Assigned task: When you copy the entries, omit the images and keep every word as it is.

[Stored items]

*****

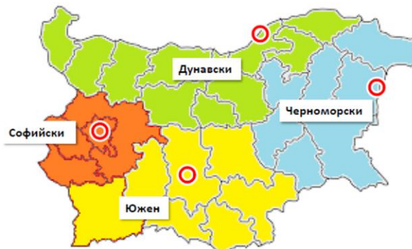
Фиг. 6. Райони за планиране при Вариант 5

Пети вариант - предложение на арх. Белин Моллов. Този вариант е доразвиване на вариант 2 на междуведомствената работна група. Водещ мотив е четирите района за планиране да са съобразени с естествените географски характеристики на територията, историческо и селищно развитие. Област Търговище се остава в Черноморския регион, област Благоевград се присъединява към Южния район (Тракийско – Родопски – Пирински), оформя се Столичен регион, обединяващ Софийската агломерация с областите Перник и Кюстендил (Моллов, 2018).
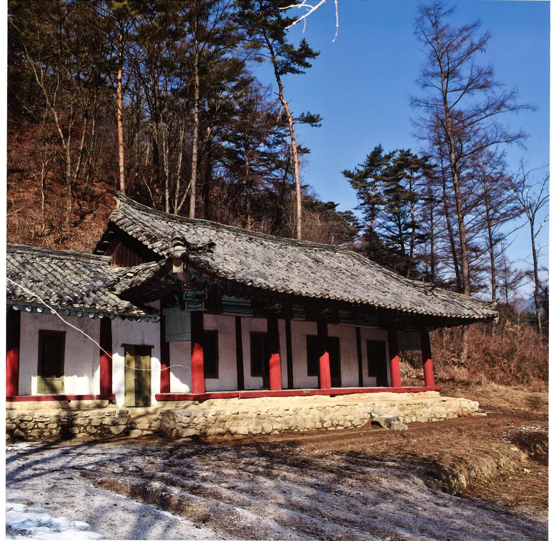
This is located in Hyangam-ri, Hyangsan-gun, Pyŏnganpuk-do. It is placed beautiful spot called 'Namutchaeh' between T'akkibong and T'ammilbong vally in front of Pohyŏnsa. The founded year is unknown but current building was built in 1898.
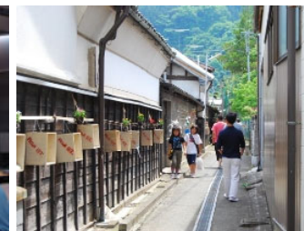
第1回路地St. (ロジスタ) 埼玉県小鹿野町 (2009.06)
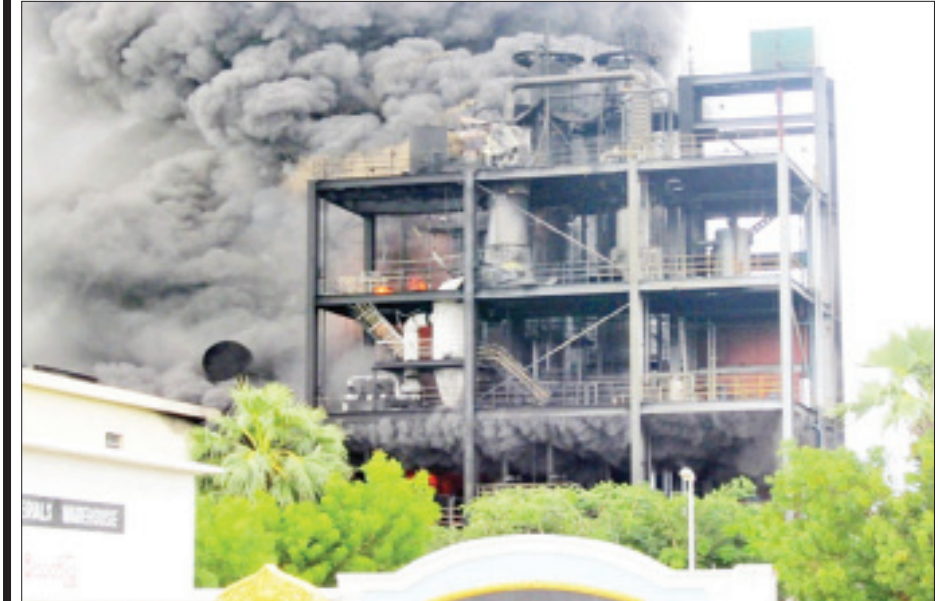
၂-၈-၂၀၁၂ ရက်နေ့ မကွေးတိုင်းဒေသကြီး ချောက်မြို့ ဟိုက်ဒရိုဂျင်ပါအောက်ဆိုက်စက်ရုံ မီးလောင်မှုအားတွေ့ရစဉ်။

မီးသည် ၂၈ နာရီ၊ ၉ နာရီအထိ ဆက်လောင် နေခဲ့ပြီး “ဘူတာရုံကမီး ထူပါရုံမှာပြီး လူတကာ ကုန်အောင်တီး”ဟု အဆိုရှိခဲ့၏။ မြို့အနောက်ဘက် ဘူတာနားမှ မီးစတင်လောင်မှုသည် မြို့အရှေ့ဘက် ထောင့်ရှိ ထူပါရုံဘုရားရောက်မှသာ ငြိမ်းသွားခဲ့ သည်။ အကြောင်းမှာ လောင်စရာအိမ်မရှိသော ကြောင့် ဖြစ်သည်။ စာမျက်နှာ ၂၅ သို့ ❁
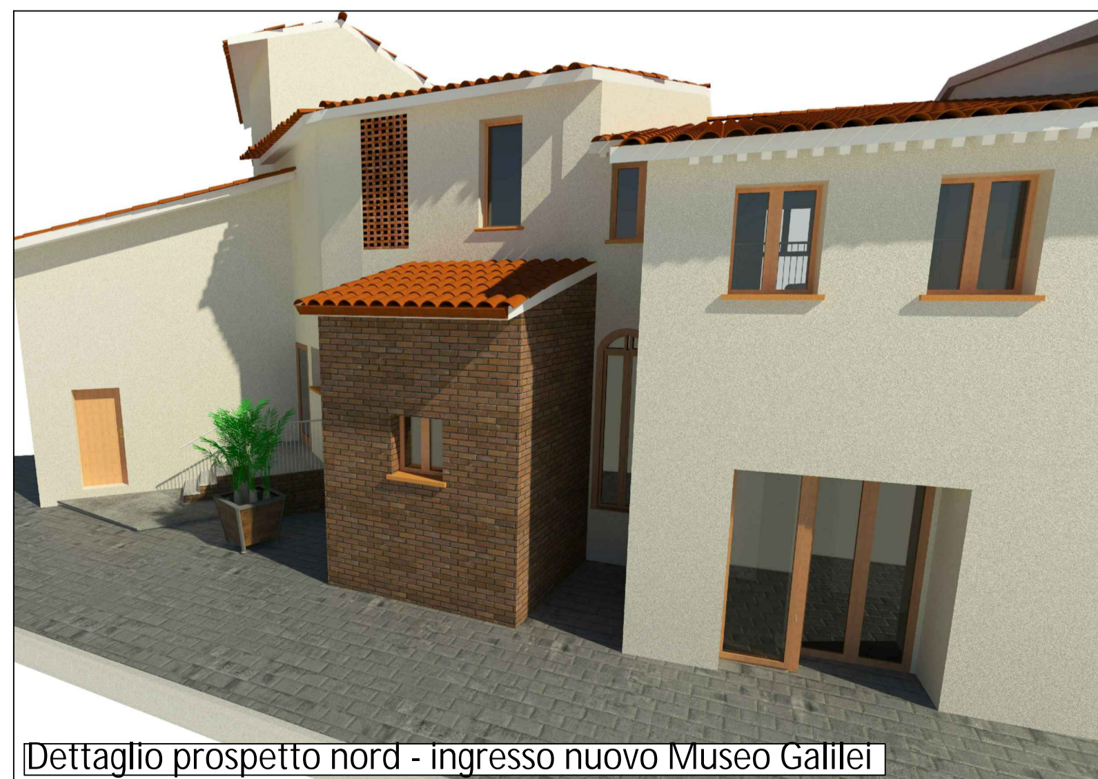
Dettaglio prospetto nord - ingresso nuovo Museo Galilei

*****

Answer space:
Фиг. 6. Райони за планиране при Вариант 5

Пети вариант - предложение на арх. Белин Моллов. Този вариант е доразвиване на вариант 2 на междуведомствената работна група. Водещ мотив е четирите района за планиране да са съобразени с естествените географски характеристики на територията, историческо и селищно развитие. Област Търговище се остава в Черноморския регион, област Благоевград се присъединява към Южния район (Тракийско – Родопски – Пирински), оформя се Столичен регион, обединяващ Софийската агломерация с областите Перник и Кюстендил (Моллов, 2018).
This is located in Hyangam-ri, Hyangsan-gun, Pyŏnganpuk-do. It is placed beautiful spot called 'Namutchaeh' between T'akkibong and T'ammilbong vally in front of Pohyŏnsa. The founded year is unknown but current building was built in 1898.
第1回路地St. (ロジスタ) 埼玉県小鹿野町 (2009.06)
၂-၈-၂၀၁၂ ရက်နေ့ မကွေးတိုင်းဒေသကြီး ချောက်မြို့ ဟိုက်ဒရိုဂျင်ပါအောက်ဆိုက်စက်ရုံ မီးလောင်မှုအားတွေ့ရစဉ်။

မီးသည် ၂၈ နာရီ၊ ၉ နာရီအထိ ဆက်လောင် နေခဲ့ပြီး “ဘူတာရုံကမီး ထူပါရုံမှာပြီး လူတကာ ကုန်အောင်တီး”ဟု အဆိုရှိခဲ့၏။ မြို့အနောက်ဘက် ဘူတာနားမှ မီးစတင်လောင်မှုသည် မြို့အရှေ့ဘက် ထောင့်ရှိ ထူပါရုံဘုရားရောက်မှသာ ငြိမ်းသွားခဲ့ သည်။ အကြောင်းမှာ လောင်စရာအိမ်မရှိသော ကြောင့် ဖြစ်သည်။ စာမျက်နှာ ၂၅ သို့ ❁
Dettaglio prospetto nord - ingresso nuovo Museo Galilei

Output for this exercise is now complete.